Mastering LeetCode Problem 0088

Problem 0088: Merge Sorted Array

Array questions where everything is almost done for you — two sorted arrays, extra space already allocated — are exactly the kind of problems that interviewers use to test whether you can:

  • Respect in-place constraints
  • Use pointers intelligently
  • Avoid unnecessary extra memory

LeetCode 88 – Merge Sorted Array – is one of the most fundamental problems in this category.

In this post, we’ll cover:

  • The problem in plain English
  • Why a naïve merge can break the constraints
  • The key idea: merging from the back
  • A clean Python solution using three pointers
  • Step-by-step walkthrough with an example
  • Time & space complexity
  • Common pitfalls and interview tips

1. Problem Overview (In Plain English)

You are given:

  • A sorted array nums1 of length m + n
    • The first m elements are valid and sorted
    • The last n elements are just empty space (often filled with 0s)
  • A sorted array nums2 of length n
  • Two integers m and n, indicating how many meaningful elements each array contains

Your task:

Merge nums2 into nums1 as one sorted array, in-place.
Do not return a new array — modify nums1 directly.

After the function finishes:

  • nums1 should contain all m + n elements from both arrays, sorted.
  • The function should return None.

1.1. Example

Input:
nums1 = [1, 2, 3, 0, 0, 0], m = 3
nums2 = [2, 5, 6],          n = 3

Output:
nums1 = [1, 2, 2, 3, 5, 6]

The extra 0s in nums1 are just placeholders. After merging, nums1 becomes the fully sorted array of all 6 elements.

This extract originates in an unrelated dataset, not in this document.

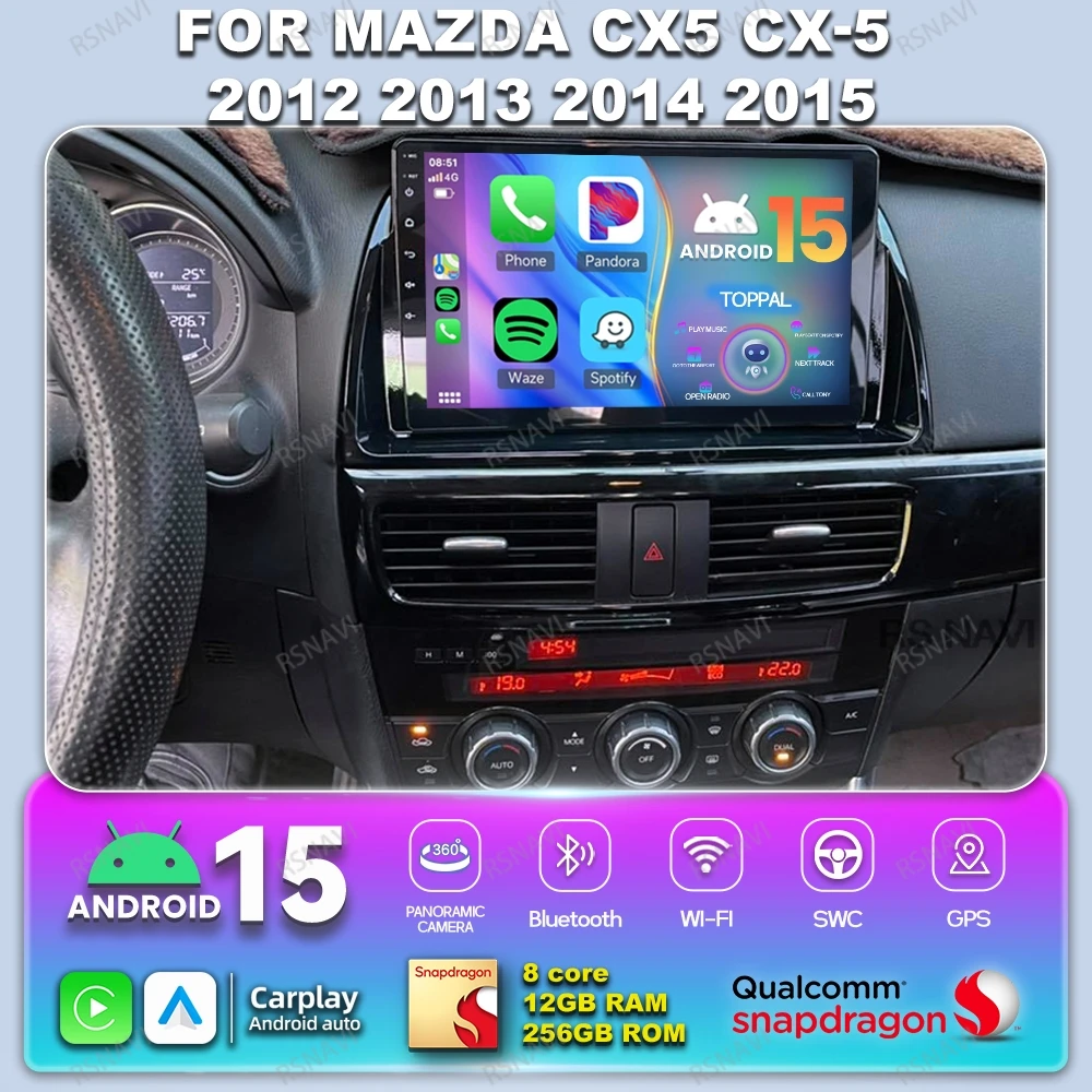 Car Radio Android 15 For Mazda CX5 CX-5 2012 - 2013 - 2014 - 2015 Snapdragon BT Stereo DSP Systems DVD Head Unit Qualcomm 4G LTE $148.84

2. First Thoughts: The Wrong Way (But Very Tempting)

If there were no constraints, a very natural idea would be:

  1. Concatenate the two arrays: nums1_valid + nums2
  2. Sort the result
  3. Return a new array

Or in code:

merged = sorted(nums1[:m] + nums2)
return merged

But this breaks two important requirements of the problem:

  1. You must modify nums1 in-place
  2. You must not use extra space proportional to m + n

In interviews, ignoring these constraints is often treated as a wrong solution, even if the output is technically correct.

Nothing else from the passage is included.